- Born: 12 July 2008 (age 17)
- Citizenship: British
- Education: Ardvreck Preparatory School, Glenalmond College

= Jules Molyneaux =

British mountaineer

Jules Molyneaux (born 12 July 2008) is a British mountaineer who became the youngest person to summit the Matterhorn at the age of 11.

== Early life and education ==
Molyneaux grew up in Highlands of Scotland. He attended Ardvreck Preparatory School, where he was introduced to outdoor education and climbing activities, and later continued his education at Glenalmond College (secondary level). He learned about early ascents of the mountain, including the 1861 expedition led by Edward Whymper, and the fear the peak historically inspired in communities living below it.
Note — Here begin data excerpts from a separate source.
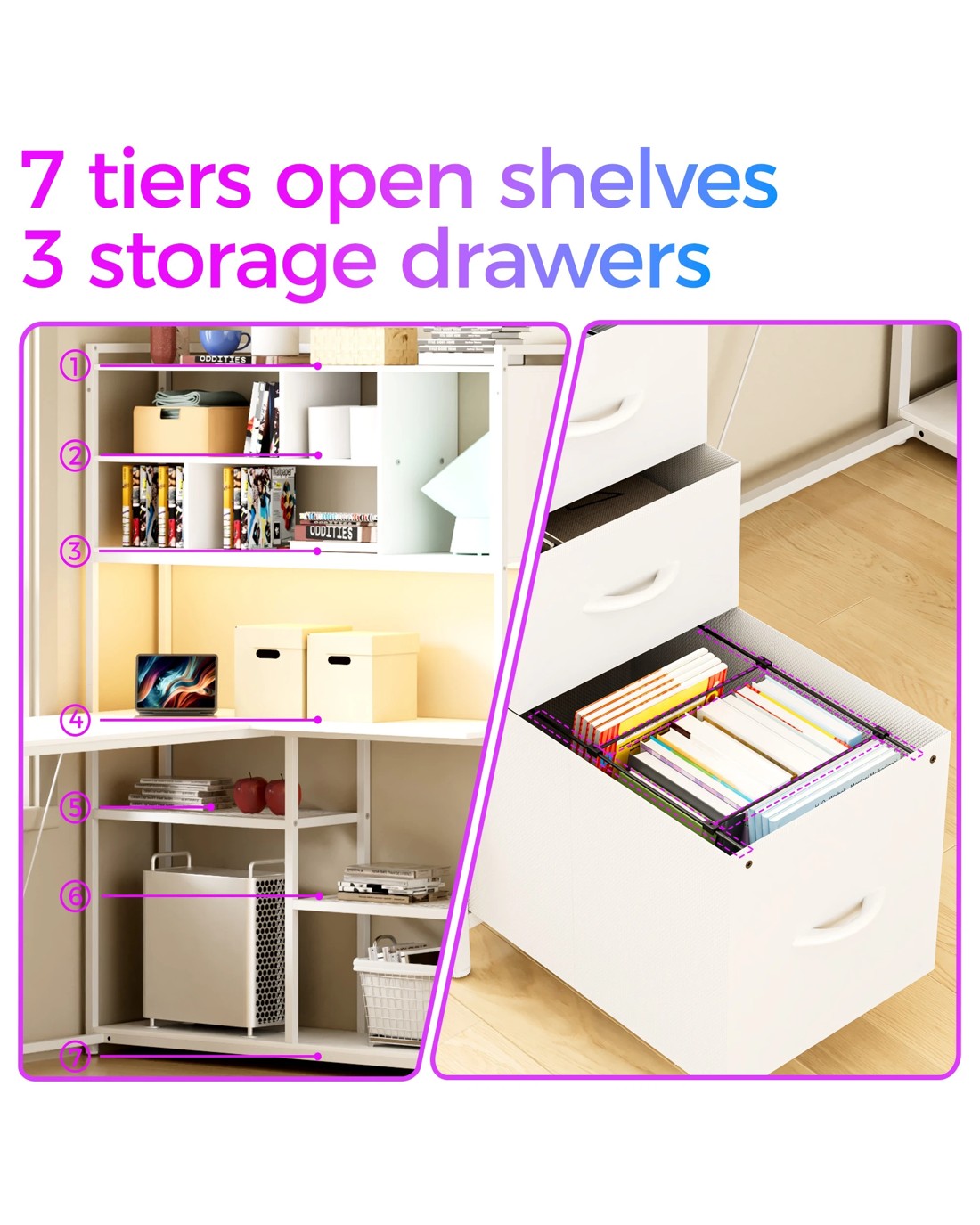 Advwin Gaming Desk integrated LED lights add an immersive ambiance. As a practical home office Computer Desk, not only it can be a table, but also it can be an bookcase bookshelf, display shelf. Elevate your workspace or gaming setup with this all-in-one corner desk designed for both style and functionality.
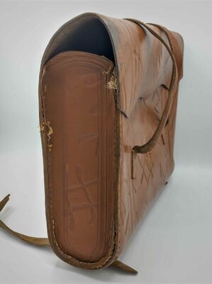 Die Schultasche, oder auch der Schulranzen ist aus hellbraunem Leder gefertigt und besitzt ein Muster aus geraden, senkrechten Linien und Strichen, welche keiner erkennbaren Richtung folgen. Vorne in der Mitte konnte der Deckel vermutlich an einer Schnalle festgemacht werden, doch die Schnalle fehlt. Die Träger waren am Boden der Tasche auf der einen Seite mit einer Schnalle befestigt und auf der anderen Seite konnte der Träger einfach ein- und wieder ausgehängt werden. So ließ sich die Tasche leichter an- und wieder ausziehen. Besonders an dieser Tasche ist, dass die Träger nicht auf der Rückseite der Tasche festgemacht sind, sondern dort lediglich durch einen metallenen Ring gezogen wurden und über den Deckel der Tasche hinaus gingen, wo sie auf der Vorderseite der Tasche, in Höhe der Deckelschnalle rechts und links festgenäht sind. Das bedeutet, dass die Träger, erst immer nach rechts und links vom Deckel heruntergenommen werden mussten, damit der Deckel geöffnet werden konnte. Die Träger sind heute jedoch gerissen. Der Innenraum der Schultasche besteht aus einem einzigen Fach. Es sind keinerlei Prägungen oder Ähnliches vorhanden, was Aufschluss über den Hersteller geben könnte.
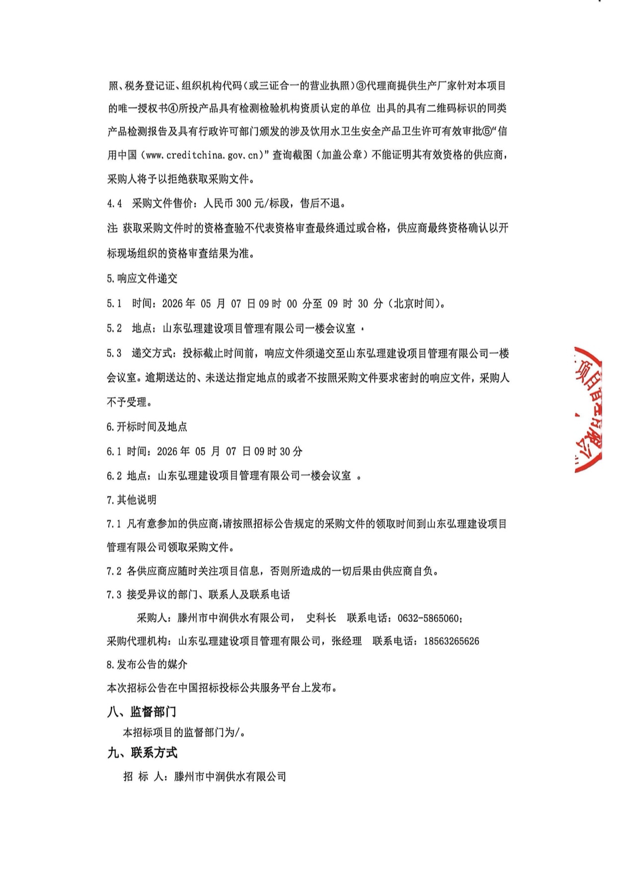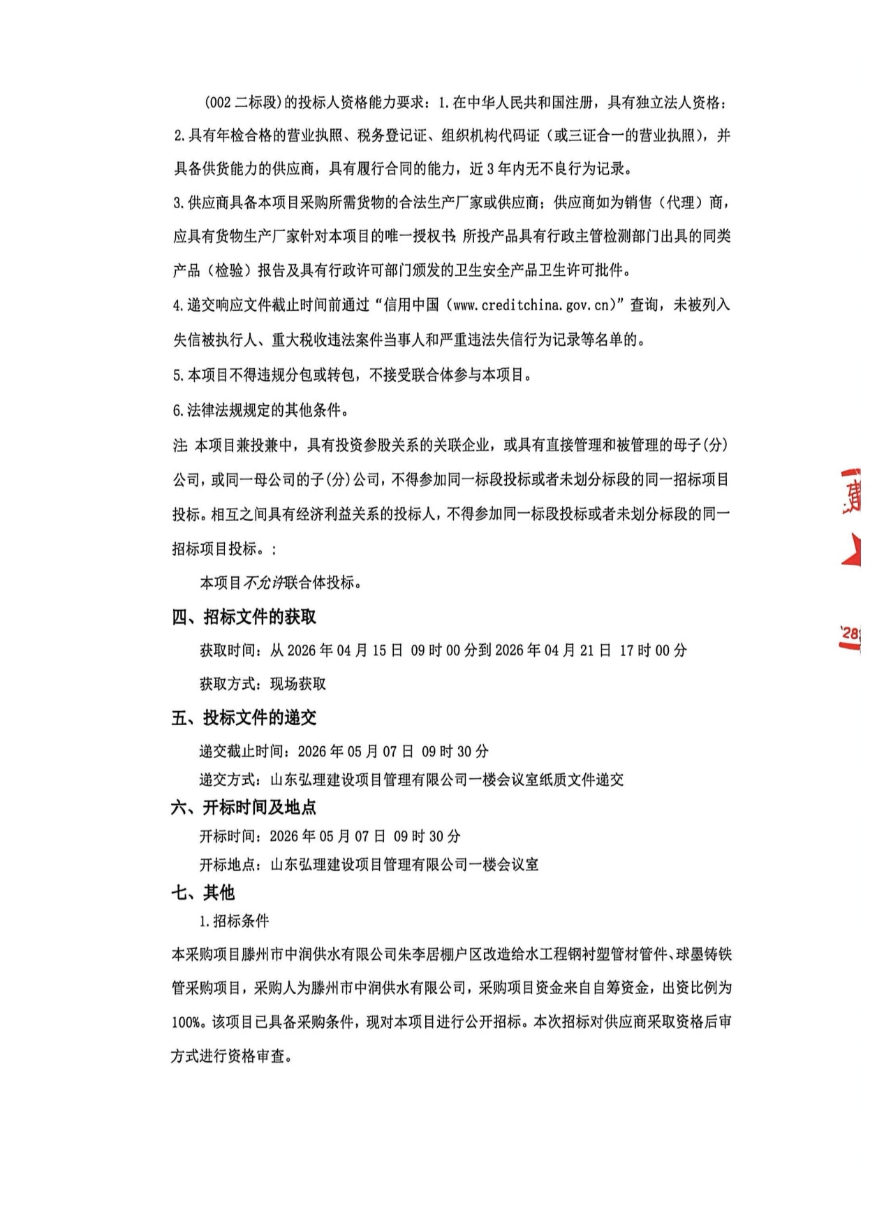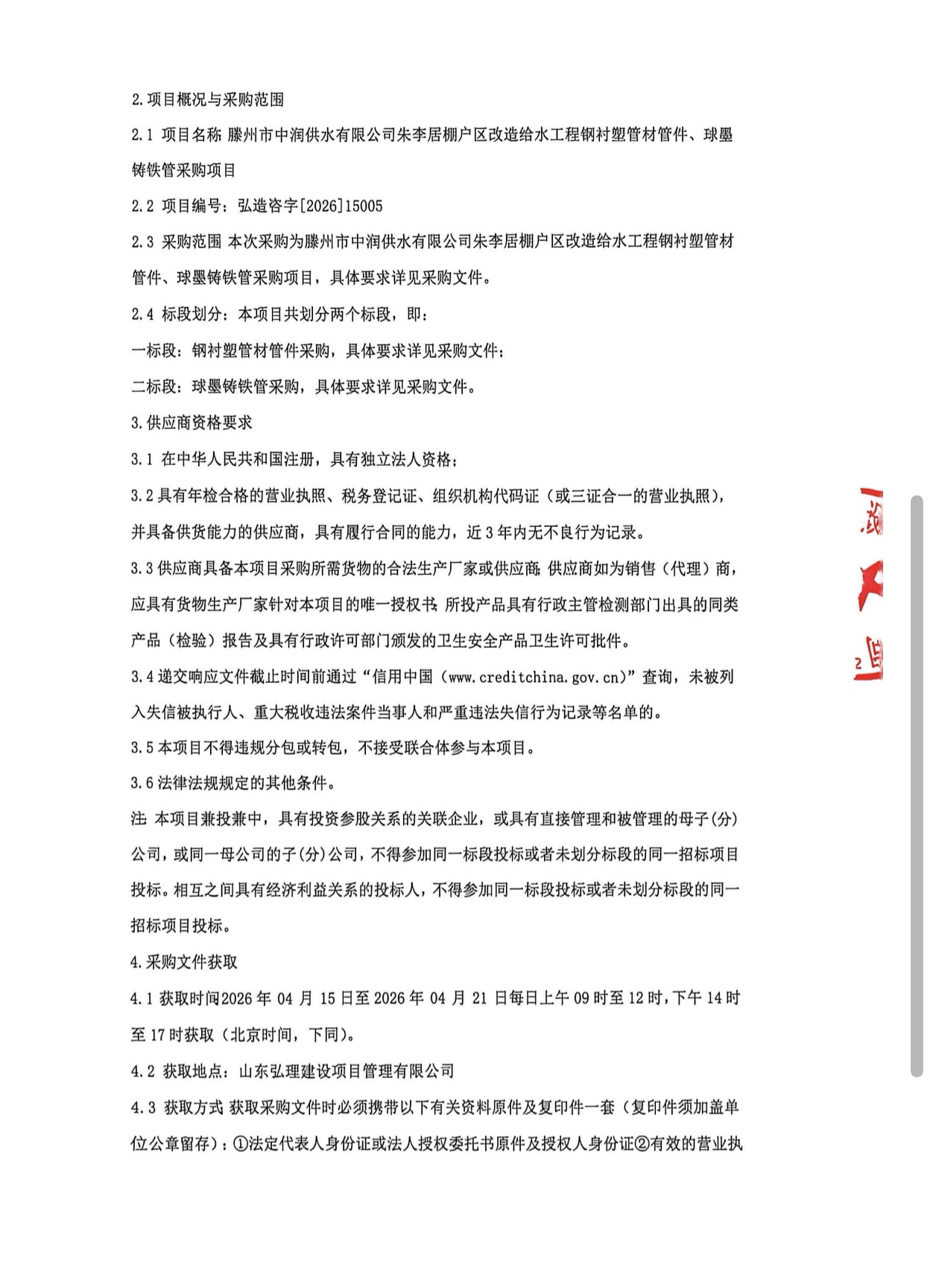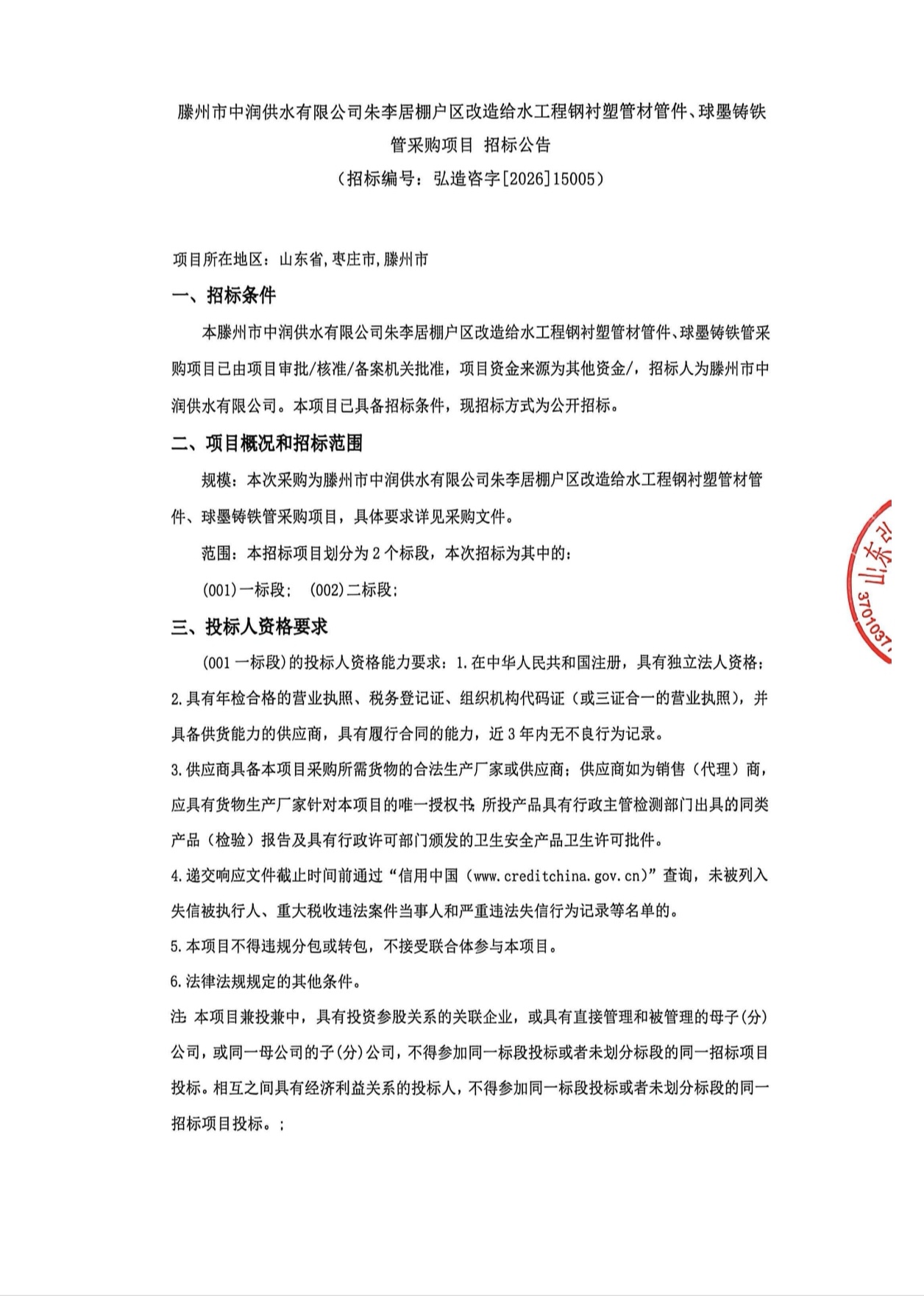 滕州市中润供水有限公司朱李居棚户区改造给水工程钢衬塑管材管件、球墨铸铁管采购项目 招标公告

=== The Matterhorn ascent ===
In the year leading up to the ascent, Molyneaux undertook intensive physical training during the COVID-19 lockdown. On 8 July 2020, Molyneaux successfully summited the Matterhorn (4,478 metres / 14,692 feet) in Switzerland, becoming one of the youngest people to do so at age 11. Ardvreck's head (Ali Kinge) later described him as “an exceedingly determined boy” and noted the school's pride in his achievement. Molyneaux reached the summit in approximately four hours, with the descent taking another four hours.

== Recognition ==
The Matterhorn Museum and national newspapers confirmed that Molyneaux's ascent constituted a world record for age. On the same day as Molyneaux's ascent, a climber reportedly died after falling approximately 400 metres.